Memory 32 may include one or more computer-readable storage media, which may be non-transitory. Memory 32 may also include high speed random access memory, as well as non-volatile memory, such as one or more magnetic disk storage devices, flash memory storage devices. In this embodiment, the memory 32 is at least used for storing the following computer program 321, wherein after being loaded and executed by the processor 31, the computer program can implement relevant steps in the music neural network model pre-training method executed by the electronic device side disclosed in any of the foregoing embodiments. In addition, the resources stored by the memory 32 may also include an operating system 322, data 323, and the like, which may be stored in a transient or persistent manner. Operating system 322 may include Windows, Unix, Linux, etc.
In some embodiments, the electronic device 30 may further include a display 33, an input/output interface 34, a communication interface 35, a sensor 36, a power source 37, and a communication bus 38.
Of course, the structure of the electronic device shown in fig. 3 does not constitute a limitation of the electronic device in the embodiment of the present application, and in practical applications, the electronic device may include more or less components than those shown in fig. 3, or some components may be combined.
In another exemplary embodiment, a computer readable storage medium including program instructions is further provided, which when executed by a processor, implement the steps of the music neural network model pre-training method performed by the electronic device according to any of the above embodiments.
The embodiments are described in a progressive manner in the specification, each embodiment focuses on differences from other embodiments, and the same and similar parts among the embodiments are referred to each other. The device disclosed by the embodiment corresponds to the method disclosed by the embodiment, so that the description is simple, and the relevant points can be referred to the method part for description.
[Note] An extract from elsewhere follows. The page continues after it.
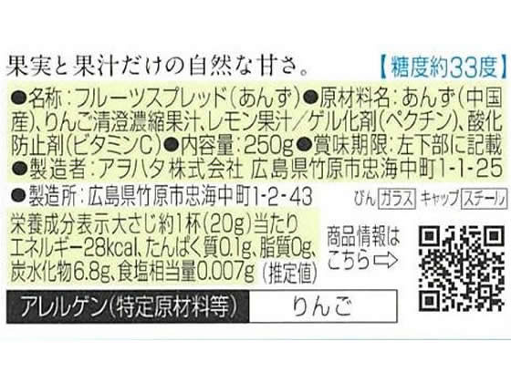 アヲハタ まるごと果実 あんず 250g ※軽(ご注文単位)【直送品】

It should be noted that, for those skilled in the art, it is possible to make several improvements and modifications to the present application without departing from the principle of the present application, and such improvements and modifications also fall within the scope of the claims of the present application.
It is further noted that, in the present specification, relational terms such as first and second, and the like are used solely to distinguish one entity or action from another entity or action without necessarily requiring or implying any actual such relationship or order between such entities or actions. Also, the terms "comprises," "comprising," or any other variation thereof, are intended to cover a non-exclusive inclusion, such that a process, method, article, or apparatus that comprises a list of elements does not include only those elements but may include other elements not expressly listed or inherent to such process, method, article, or apparatus. Without further limitation, an element defined by the phrase "comprising an … …" does not exclude the presence of other identical elements in a process, method, article, or apparatus that comprises the element.